Freaks, Geeks, and Asperger Syndrome: A User Guide to Adolescence
- Author: Luke Jackson
- Language: English
- Subject: Asperger Syndrome
- Genre: Non-fiction
- Publisher: Jessica Kingsley Publishers
- Publication date: 15 August 2002
- Publication place: England
- Media type: Paperback
- Pages: 224
- ISBN: 978-1-84310-098-0
- Followed by: Crystalline Lifetime: Fragments of Asperger Syndrome

= Freaks, Geeks, and Asperger Syndrome =

Book by Luke Jackson

Freaks, Geeks, and Asperger Syndrome: A User Guide to Adolescence is a non-fiction book about Asperger syndrome published in 2003. The then 13-year-old author, Luke Jackson, has Asperger syndrome himself. Jackson wrote the book because he felt there was not enough useful information on the Internet about the subject.

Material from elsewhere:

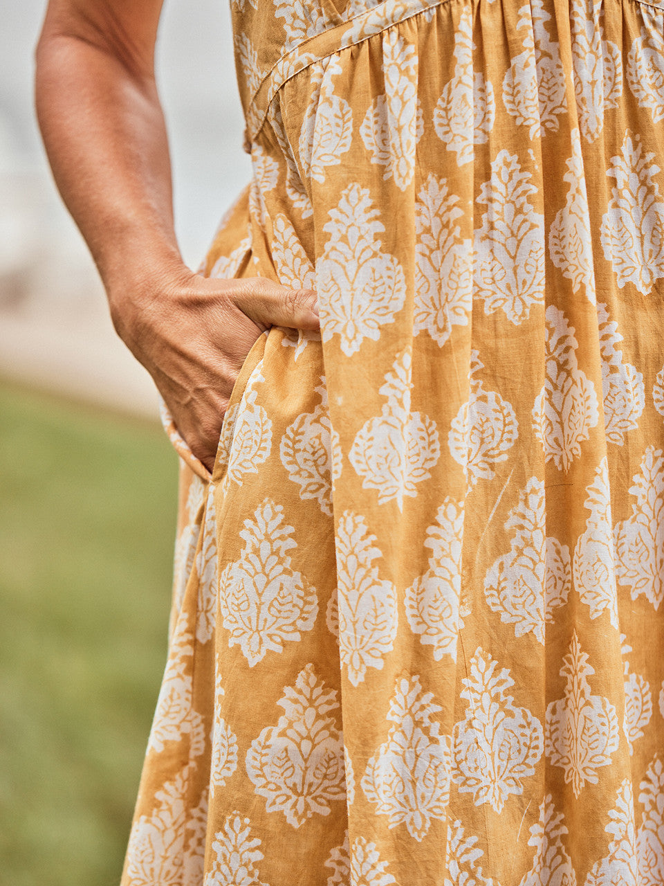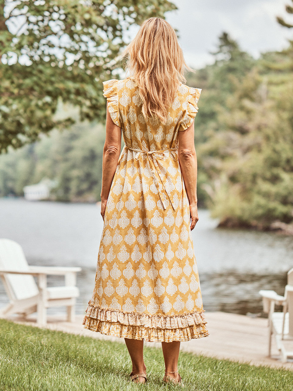Sumptuous gold cotton is the perfect base for this striking block-printed design! Delight in this tiered silhouette, showcasing ravishing ruffles, light gathers, and self-fabric ties.

Jackson is the son of fellow writer Jacqui Jackson, and most of his siblings have similar difficulties.

==Reception==
David Worling of the Canadian Academy of Child and Adolescent Psychiatry said that the book is filled with valuable information and is useful to have in a clinical library.

The book received first place in Times Educational Supplement awards in 2003 for special educational needs books.

==Other works and sequel==

About the same time as Freaks, Geeks & Asperger Syndrome, Jackson wrote A User Guide to the GF/CF Diet: For Autism, Asperger Syndrome and ADHD.

Jackson has written a column on the BBC's ouch!.. it's a disability thing.

In 2016, Jackson wrote a sequel to Freaks, Geeks & Asperger Syndrome, Sex, Drugs and Asperger's Syndrome (ASD): A User Guide to Adulthood.

Jackson has written a poetry book titled Crystalline Lifetime: Fragments of Asperger's Syndrome, (2006).